America is racially diverse.
So America either diversifies opportunity for full participation in all aspects of the society ... or America allows significant portions of the society to be non-diversified, ... which will breed its own problems.
America just made the commitment to work on eliminating exclusionist policies in its society some 60 years ago. And, yes, some progress has been made. For example, we have had one president, out of 45, that was not a white male. Anybody who thinks that a society which practiced blatant discrimination based on race and gender for 500 years, ... has completely turned that corner in 60 years is fooling themselves ... or has no sense of the lessons of history.
White men still occupy the vast majority of the seats of power and influence in the country.

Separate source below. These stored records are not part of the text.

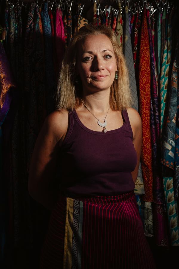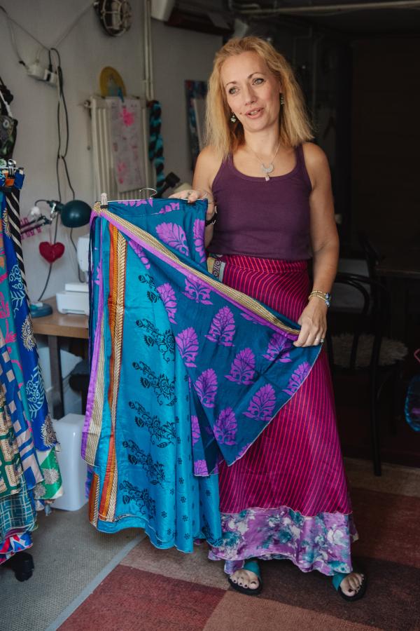 – Nem is olyan rég, a tavaszi nap-éj egyenlőségkor indítottam el a webshopomat. Májusban egyszer csak szembejött, hogy vásárra keresnek árusokat, jelentkeztem. Onnét meg szokás szerint épültek az ismeretségeim – kezdi mesélni Dóri, akinek ragyogó személyisége, közvetlensége mágnesként vonzza a standjához az embereket. És persze az újrahasznosított indiai szárikból készült színes szoknyái (lásd keretes írásunkat), amikre már messziről felfigyeltünk a Dürer kerti Boszorkánybazáron. Bár elsőre a szemünk választja ki az egyéniségünkkel, színvilágunkkal (szerintünk) harmonizáló ruhadarabot, egész más élmény, amikor felpróbáljuk. Amikor ellenállhatatlan vonzást érzünk, az lesz az igazi. Pedig lehet, hogy sosem hordunk lilát, vagy évek óta nem viselünk szoknyát, és itt történik egy varázslat, ami szinte olyan, mint a szerelembe esés.
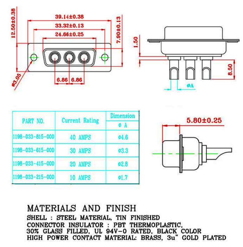 D-SUB連接器-3W3-公頭-車針DB型 3芯混裝大電流直針孔焊線式
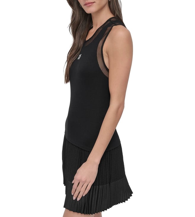 Elevate your activewear with the DKNY Black Slim Fit Logo Tank Top. Crafted for both style and performance, this tank top features a sleek black design with a slim fit silhouette that flatters your shape. The iconic DKNY logo adds a touch of urban chic, making it perfect for workouts or casual wear. With its breathable fabric, this tank top keeps you comfortable and cool throughout your day. Upgrade your wardrobe with this versatile piece that effortlessly combines fashion and function.
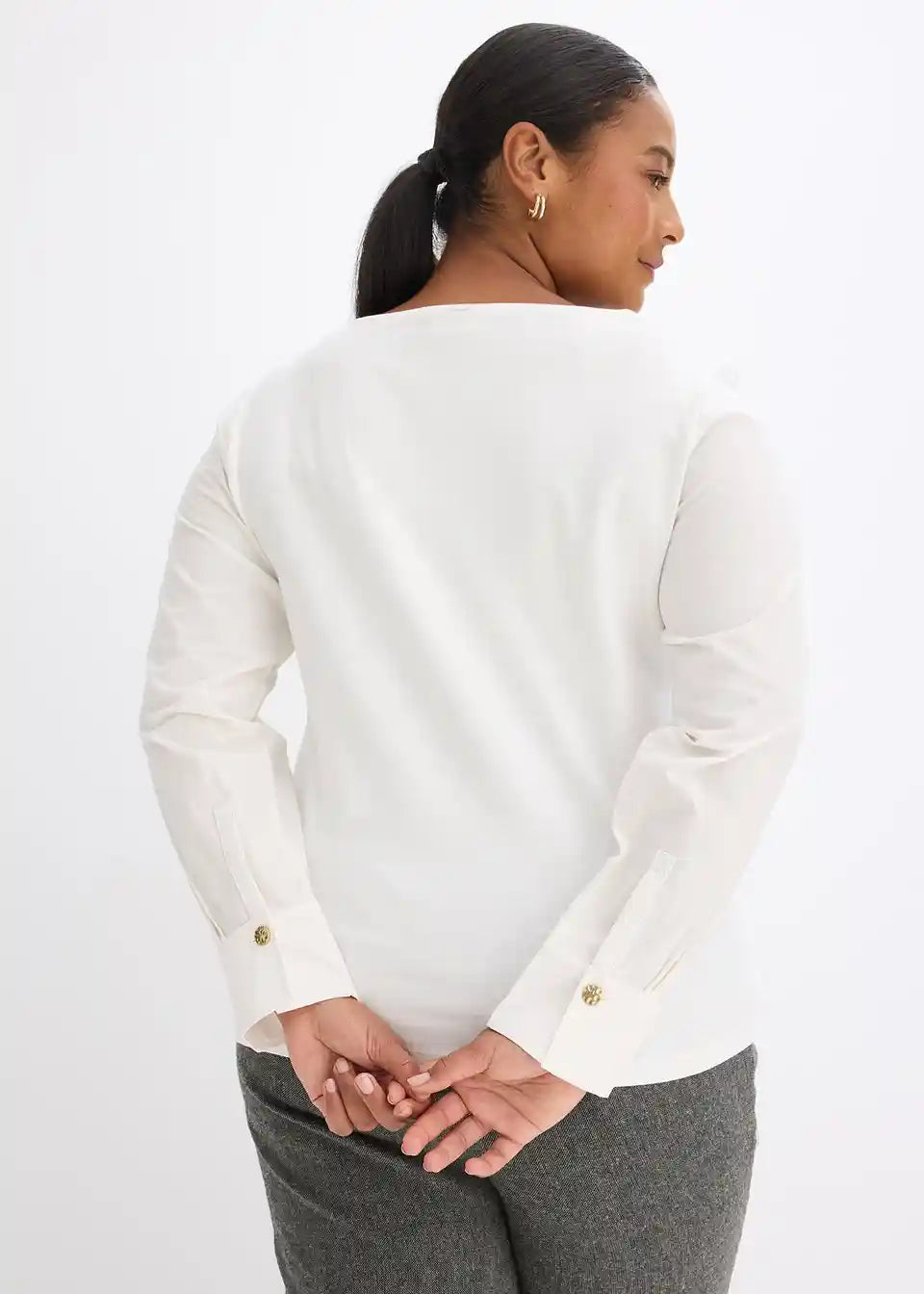 modernes Baumwoll-Langarmshirt mit Ärmeln aus Popeline

If everyone in the country started out on an equal basis, as our nation's ideals declare should be the case, ... then white men would have some justification to reason that, somehow, they are entitled to their obvious advantage in this society. But, of course, everybody knows that for 500 years, the society itself carved out that entitlement for them, regardless of their worthiness to occupy that advantage.
One of the saddest things to see is advantaged persons ... whining that they are afraid of losing their advantage ... and compete in society on an equal basis with their fellow citizens ...
What is necessary now is both the perception and reality of fair procedure, not equal outcome (as is called "equity" in current parlance).
Yes, there are people calling for "equal outcome," but if you look carefully, that call originates and is perpetuated by white women.
Here is a phenomenon I see in the Air Force. Back in the late 60s and early 70s, blacks in the Air Force were angry and rioting because of the perception and reality that promotions and assignments were structurally racist (that is, the structure permitted personal racism to operate and flourish). The Air Force--in the ham-fisted way the military can do things--changed the structure to permit personal racism to operate. The new system immediately dismissed the perception of unfair procedure and very quickly changed the reality. At no point did the Air Force ever achieve equal outcome (aka these days, "equity"). But blacks were happy with fair procedure.
Women began entering "non-traditional" fields in the latter 70s in large numbers. My own field, intelligence," had been a non-traditional field for women, not because women couldn't do it, but simply by its proximity to the combat operators. We worked on the flightline, and horrors, we can't have a woman on the flightlline. But by 1979, I had noted that my intelligence wing had ramped up from 5% shiny new woman 2nd lieutenants to 25% woman 2nd lieutenants. I wondered then what the percentage of women colonels there would be by 1999.
Something changed in the culture by then, though. Or it was something different for women than it had been for blacks. This is how it was manifested: All of a sudden there was a push for all-women crews in those non-traditional fields. There had never been a big deal made about "the first all-black B52 crew" or "the first all-black missile crew" or "the first all-black maintenance crew." There had never been a push or a celebration of the replacement of white men with black men.
This "replacement theory" is a different thing seen in the current wave of the feminist movement that was not part of the black civil rights movement and not even part of any black separatist movement. But it's apparent in the Air Force (which is the only military service in which such a thing wouldn't be laughable) and it's apparent in the civilian community, particularly in academia and media. This is not about fair procedure at all, but about replacement.
Look carefully at who is actually stirring the pot.